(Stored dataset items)
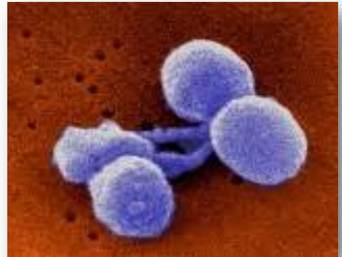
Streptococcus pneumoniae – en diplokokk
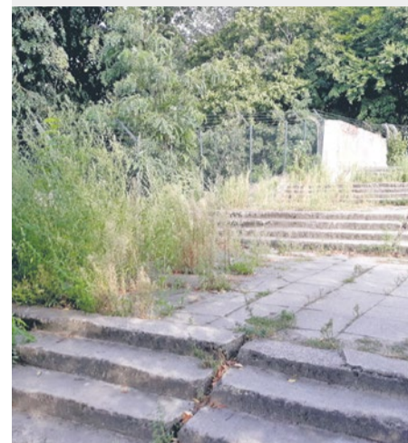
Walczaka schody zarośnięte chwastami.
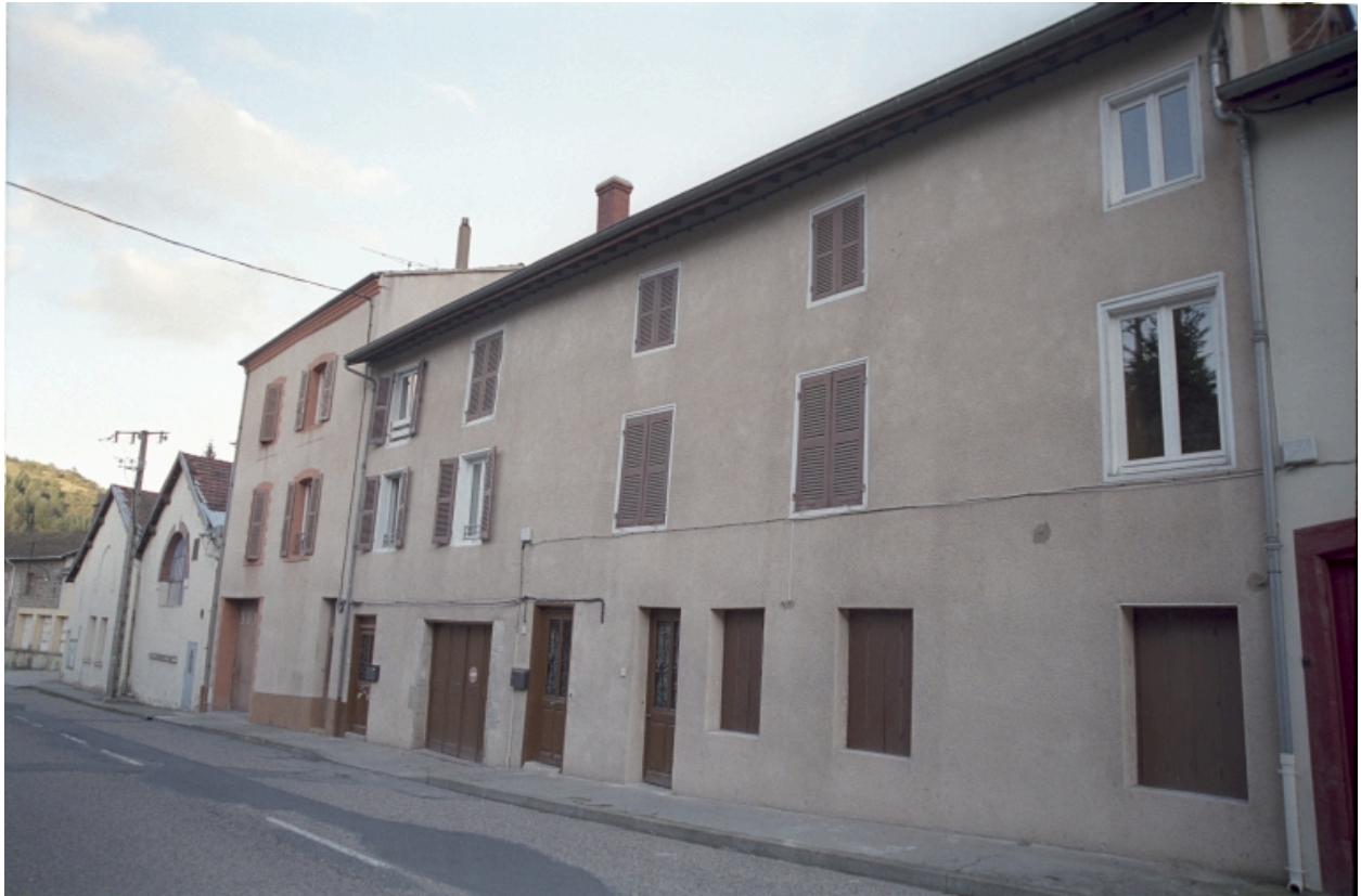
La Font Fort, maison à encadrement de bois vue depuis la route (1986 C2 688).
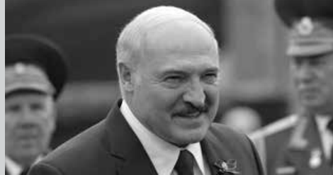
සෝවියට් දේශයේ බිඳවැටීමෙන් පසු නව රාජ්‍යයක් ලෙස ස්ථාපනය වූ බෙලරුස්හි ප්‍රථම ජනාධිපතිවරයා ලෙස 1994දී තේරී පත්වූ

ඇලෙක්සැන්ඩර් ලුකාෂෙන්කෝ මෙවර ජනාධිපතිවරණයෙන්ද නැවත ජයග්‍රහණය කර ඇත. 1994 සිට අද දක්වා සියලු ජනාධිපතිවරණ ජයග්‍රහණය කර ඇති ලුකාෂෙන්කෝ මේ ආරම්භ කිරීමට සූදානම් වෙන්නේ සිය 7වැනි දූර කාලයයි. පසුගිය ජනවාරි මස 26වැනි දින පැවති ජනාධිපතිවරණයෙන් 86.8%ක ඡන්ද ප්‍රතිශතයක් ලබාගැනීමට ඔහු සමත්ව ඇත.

Task brief => Because only the text is wanted, copy each record above precisely and omit its pictures.

Finished exercise =>
Streptococcus pneumoniae – en diplokokk
Walczaka schody zarośnięte chwastami.
La Font Fort, maison à encadrement de bois vue depuis la route (1986 C2 688).
සෝවියට් දේශයේ බිඳවැටීමෙන් පසු නව රාජ්‍යයක් ලෙස ස්ථාපනය වූ බෙලරුස්හි ප්‍රථම ජනාධිපතිවරයා ලෙස 1994දී තේරී පත්වූ

ඇලෙක්සැන්ඩර් ලුකාෂෙන්කෝ මෙවර ජනාධිපතිවරණයෙන්ද නැවත ජයග්‍රහණය කර ඇත. 1994 සිට අද දක්වා සියලු ජනාධිපතිවරණ ජයග්‍රහණය කර ඇති ලුකාෂෙන්කෝ මේ ආරම්භ කිරීමට සූදානම් වෙන්නේ සිය 7වැනි දූර කාලයයි. පසුගිය ජනවාරි මස 26වැනි දින පැවති ජනාධිපතිවරණයෙන් 86.8%ක ඡන්ද ප්‍රතිශතයක් ලබාගැනීමට ඔහු සමත්ව ඇත.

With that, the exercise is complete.